Music, Print, Reviews March 9, 2022

Album Review: Big Brooklyn – Everyone Everywhere

by Valerie Vampola

Denver based Big Brooklyn begs the question “what is jazz?” with their new album Everyone Everywhere, in which every track dips a toe into different sub-genres underneath the jazz music umbrella. 

Big Brooklyn has enough “straight ahead” stuff that you would expect on an ordinary jazz album, like the swing track “Send It To Me” or the ballad “A Little Faded,” and it explores more traditional subgenres such as bossa nova with “Choro Futuro I.” But they also share some funky fusion you might hear from Herbie Hancock’s Head Hunters era, and some John Scofield influences on “Crazy Owl.”

They have a pretty standard instrumental jazz combo set up, with acoustic bass, guitar, drums, and a sax player, but their incorporation of Melody Dornfeld on clarinet (and bass clarinet) lends a quirkier sound for a group that doesn’t focus on gypsy jazz or 1920’s repertoire. 

The clarinet gives many of the tracks an eastern European flavor, which makes sense since Dornfeld herself tips a hat to klezmer music with fast runs and bebop licks. Tracks like “Every Eye” and “Hollow” feature prominent klezmer-styled harmony and riffs. Dornfeld finds ways to sneak in some klezmer even in other tracks, such as the opener, “Brought Near,” which mixes a rock beat with the eastern european melodies.

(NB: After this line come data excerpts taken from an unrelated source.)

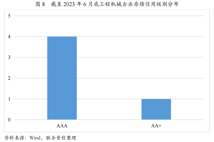 截至2023年6月底,具备有效主体信用等级的工程机械企业共5家,从主体信用等级分布看,信用等级为AA+的企业1家,其余4家企业的主体信用等级均为AAA。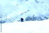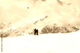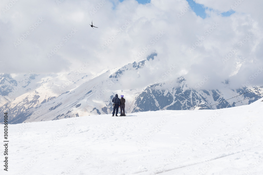 people and bird in the mountains of the North Caucasus in winter, snow,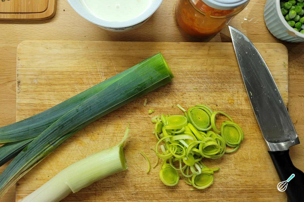 Enquanto as linguiças douram, aproveite para cortar o alho poró em fatias finas.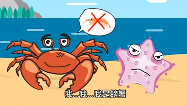 有一天螃蟹走在沙灘上,走著走著然後就踩到了海星

Even with the heavy influence of the klezmer sound, it’s hard to put a finger on what kind of music Big Brooklyn makes, aside from loosely calling it “jazz” because of the group’s improvisational nature. But most jazz musicians also have a hard time concretely defining what “jazz” music really is: Big Brooklyn’s Everyone Everywhere is another expression of that search.